*Aim of the task*. Take the line containing "ประตูรั้วสวนอะ" and each line after it through the end of the data below, and return them exactly, minus any pictures.
Start of Provided data
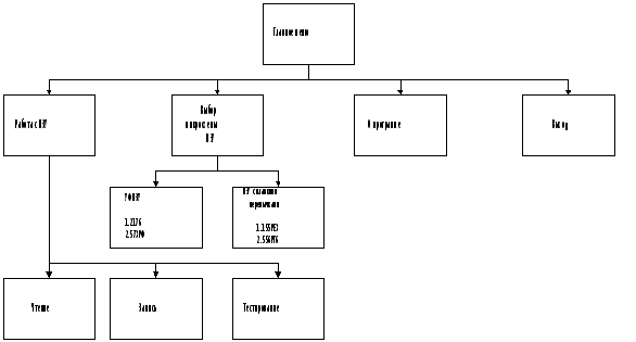 2.2.20. Процедура HexL2Str - представление символа в ввиде шестнадцатиричного кода. 2.2.21. Процедура HexB2Str - представление символа в ввиде восьмеричного кода. 2.2.22. Процедура MemEd - редактор текста. 2.2.23. Процедура Ffile - работа с файлами, запись, создание и чтение. 2.2.24. Процедура ReadROM - работа с программатором, чтение и запись данных ПЗУ, тестировнаие устройства. 2.3. Разработка программного интерфейсаПрограммный интерфейс был разработан с учетом всех его эксплуатационных характеристик. Он должен отвечать следующим требованиям: полнота и краткость отображаемой информации; удобное расположение информации на экране; оперативность работы. Интерфейс программного обеспечения был построен по иерархической структуре.
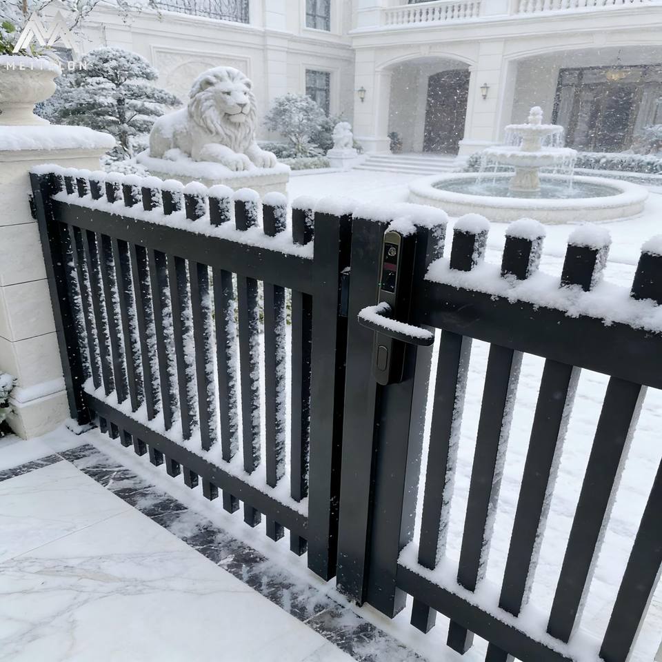 ประตูรั้วสวนอะลูมิเนียมทันสมัยพร้อมแผ่นไม้ระแนงแนวตั้งและระบบล็อคประตูอัจฉริยะเพื่อความปลอดภัยในสวนและลานบ้าน
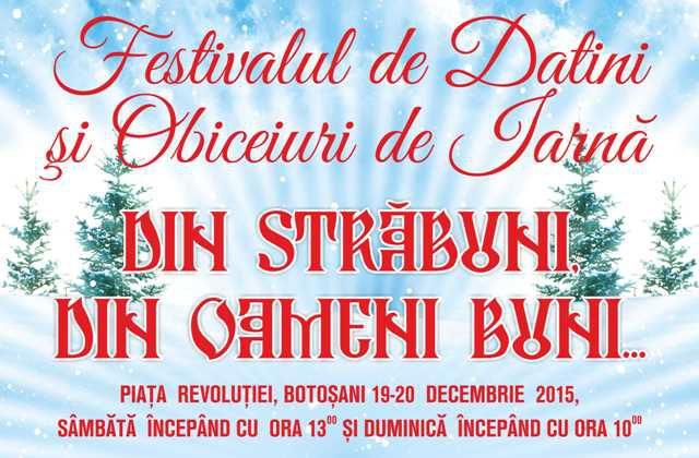 Centrul Județean pentru Conservarea și Promovarea Culturii Tradiționale Botoșani, instituție de cultură aflată sub patronajul Consiliului Județean Botoșani, organizează Festivalul de datini și obiceiuri de iarnă „Din străbuni, din oameni buni…”, ediția a 41- a, sâmbătă și duminică, 19 - 20 decembrie 2015, în Piața Revoluției din Municipiul Botoșani.
End of Provided data
*Output of the exercise*.
 ประตูรั้วสวนอะลูมิเนียมทันสมัยพร้อมแผ่นไม้ระแนงแนวตั้งและระบบล็อคประตูอัจฉริยะเพื่อความปลอดภัยในสวนและลานบ้าน
 Centrul Județean pentru Conservarea și Promovarea Culturii Tradiționale Botoșani, instituție de cultură aflată sub patronajul Consiliului Județean Botoșani, organizează Festivalul de datini și obiceiuri de iarnă „Din străbuni, din oameni buni…”, ediția a 41- a, sâmbătă și duminică, 19 - 20 decembrie 2015, în Piața Revoluției din Municipiul Botoșani.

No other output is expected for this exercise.